I believe that there is not much point in being selfless if it means that you will soon die. I think you can do good on a larger scale if you stay alive first and give of what you can spare. Taking care of one's group is important to your own survival, as there is safety in numbers. If you give of all that you have and die, you are doing less good for others than you could if you stayed alive and took care of your group. If your group became well off enough to be able to help others, than the group can enlarge, and you are getting closer to something resembling order.

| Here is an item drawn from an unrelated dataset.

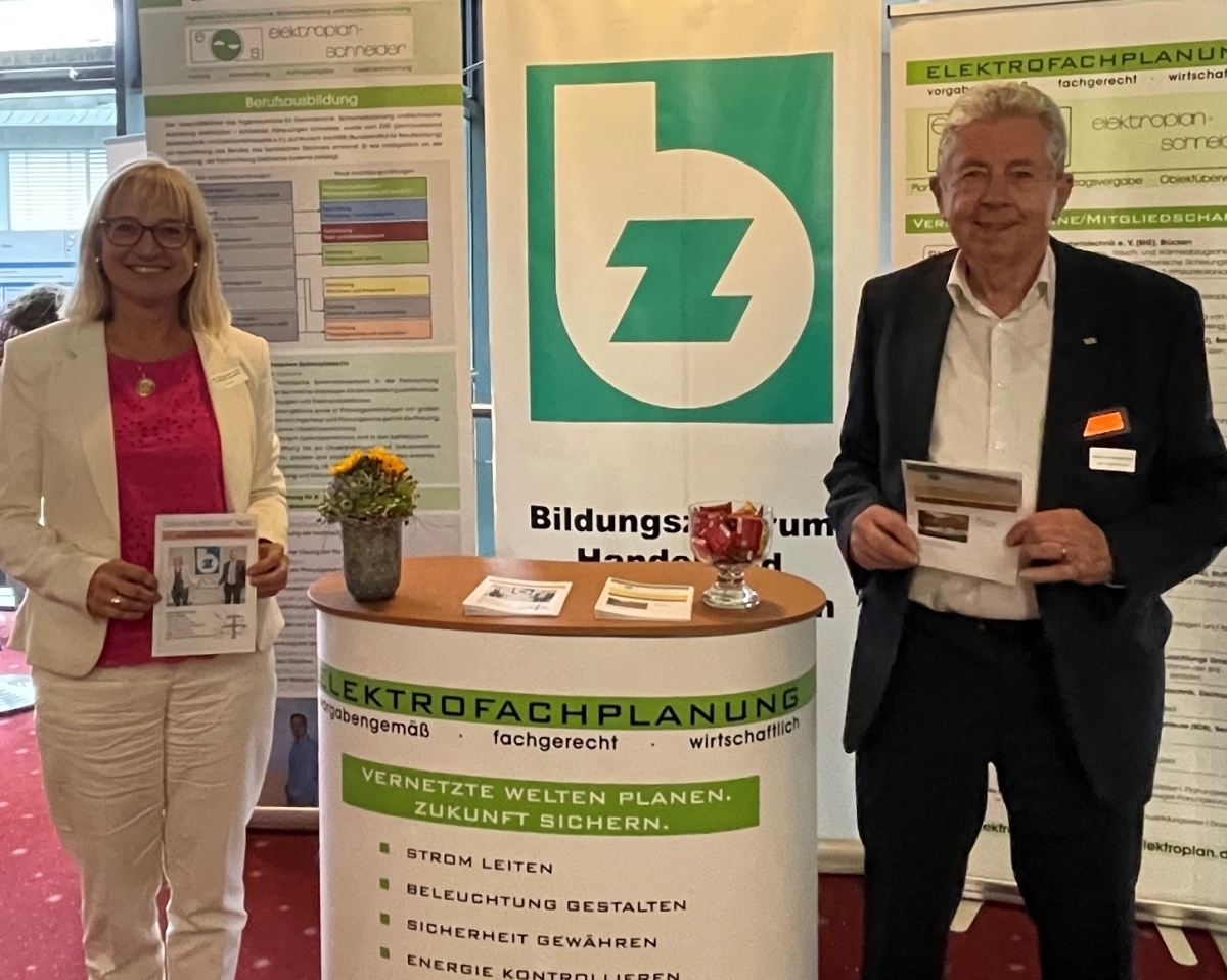 Ute Horn, Geschäftsführerin des BZH, und Unternehmer Hans-Jürgen Schneider starten erneut die Weiterbildung zum/r „Zertifizierten Fachplaner/in Elektrotechnik“ ab 19. September 2025.

The only problem is that everytime you take food, you take away food that someone else could be eating. By hiding the food left in the store from the blind, the wife was allowing her group to eat while denying food for others. In order to assure the survival of herself and her group, this was necessary. She, presumably being the only person left who could see, was in a unique position to help people if she took care of herself and assured her own survival. In this way, her actions could be regarded as necessary for the greater good.

chad rohrbacher said...

The Katrina episode was also overblown to a degree and is quite different in many respects. We could, as a society, sit in the comfort of our living rooms watching in awed curiosity/horror while eating our delivered pizza while the people of NO were cut off, not allowed to leave (think of the sherrif in gretna who actually fired on crowds trying to cross a bridge out of new orleans), had no resources, and the government was not providing them. It took a week for food to get into the city. A week. Lastly, there were under 10 deaths in the superdome -- most from lack of medice(s), old age, etc. There was one suicide. No mrders. For a group of tens of thousands trapped in one place with no "government" and no help or assistance, I'd say that is remarkable. The media, again, hyped and misrepresented the violence -- therefore the question is why? to what effect? Seattle Times wrote extensively on this -- and there are a number of academic articles that debunk many of the myths after Katrina.

In the novel, everyone was hit with the "disease". I wonder, though, those who could watch on the news those "runruly citizens" who went to the banks and demanded their money, or the chaos that surely followed in the stores also thought that morals and ethics were out the door.